United States District Court, E.D. Louisiana

November 21, 2019


         SECTION: "S" (5)



         IT IS HEREBY ORDERED that defendant's Motion to Dismiss Pursuant to Federal Rules of Civil Procedure 12(b)(1) and 12(b)(6) (Rec. Doc. 15) is GRANTED, and this matter is dismissed.


         This is a defamation suit arising out of alleged defamatory statements made in connection with state court child custody litigation. Plaintiff herein, Cynthia Sternberg, alleges that her ex-husband, Tom Sternberg, and her childhood friend, Cleon Brown Randon, made defamatory statements in the affidavits provided with Tom Sternberg's February 16, 2017 petition for ex parte custody brought pursuant to Louisiana Code of Civil Procedure article 3945.

         The ex parte custody petition was filed on February 16, 2017, and was set for hearing before a hearing officer on March 15, 2017. Petitioner, Tom Sternberg, failed to appear at the hearing and thus the article 3945 petition was dismissed, in an order providing seven days, or until March 22, 2017, for him to file objections. No. objections having been filed, on March 27, 2017, final judgment was entered dismissing the petition. On March 1, 2019, the Sternbergs entered into a settlement agreement, which specifically covered "all litigation of all the issues involved in this divorce." Rec. Doc. 15-1, § I. Further, this global settlement agreement included a clause in which the parties agreed that "any breach will be adjudicated in the [22nd Judicial District Court in St. Tammany Parish]" and that each party "waive[d] any right to bring suit in any other state or jurisdiction other than the [22nd Judicial District Court in St. Tammany Parish]. Id. at ¶¶ 4, 6.

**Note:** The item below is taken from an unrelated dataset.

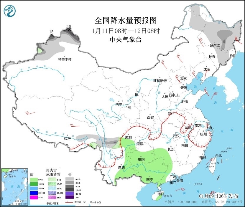 1月10日08時至11日08時,新疆北疆北部、內(nèi)蒙古東北部、黑龍江中西部等地的部分地區(qū)有小到中雪或雨夾雪,其中新疆阿勒泰、塔城的部分地區(qū)有大雪,局地暴雪(10~18毫米);四川南部和東部、重慶西部、湖南西南部、貴州、廣西、云南東部的等地的部分地區(qū)有小到中雨。內(nèi)蒙古中東部、東北地區(qū)南部、河北北部、山東半島、浙江、西藏等地的部分地區(qū)有4~6級風(fēng),其中浙江東部等地的部分地區(qū)風(fēng)力可達7級以上;渤海北部、渤海海峽、黃海南部、東海、臺灣海峽、臺灣以東洋面、巴士海峽、南海中北部等海域有6~7級風(fēng)、陣風(fēng)8~9級(見圖2)。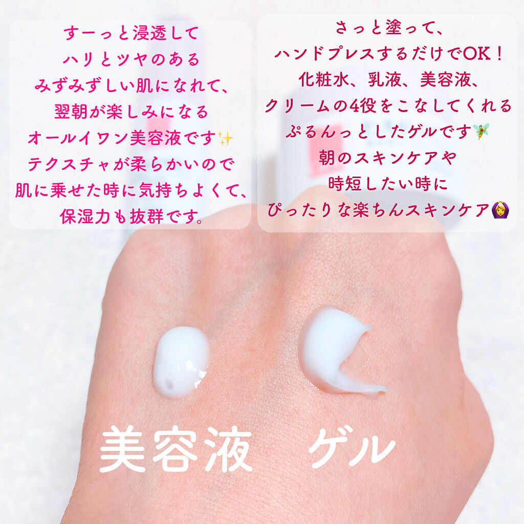 高保湿オールインワン ▷1品4役(化粧水・美容液・乳液・クリーム)の働きを兼ねた高保湿オールインワンゲル 手に取って塗ってみると…最初はちょっとべたつくかな?と思ったものの徐々にスーーっと馴染んでいきました😳 低刺激処方なので肌荒れしてる時でも使いやすいのがとても心強いです❣️

         Subsequently, Cynthia Sternberg filed the instant defamation suit in this court. Tom Sternberg has moved to dismiss arguing that the suit is prescribed, because it was brought more than one year after the alleged defamatory statements were made, and that the court lacks jurisdiction, because by the terms of the parties' settlement, any related litigation must be filed in the 22nd Judicial District. Cynthia Sternberg opposes, arguing that the claims are not prescribed because they did not come into existence until the entry of the settlement agreement, and that the forum selection clause is inapplicable to her defamation suit, because the state court section in which the prior litigation proceeded is a family court that does not have jurisdiction to hear the defamation claims.


         Forum selection clause

         While the motion to dismiss based on the forum selection clause is premised on Federal Rule 12(b)(1), the Supreme Court has instructed that "the appropriate way to enforce a forum-selection clause pointing to a state or foreign forum is through the doctrine of forum non conveniens."Atl. Marine Const. Co. v. U.S. Dist. Court for W. Dist. of Texas, 571 U.S. 49, 62-63 (2013). Under the forum non conveniens doctrine, a court may decline to exercise jurisdiction over a case properly before it if the case may be more conveniently tried in another forum. In re Volkswagen of Am., Inc., 545 F.3d 304, 313 (5th Cir. 2008).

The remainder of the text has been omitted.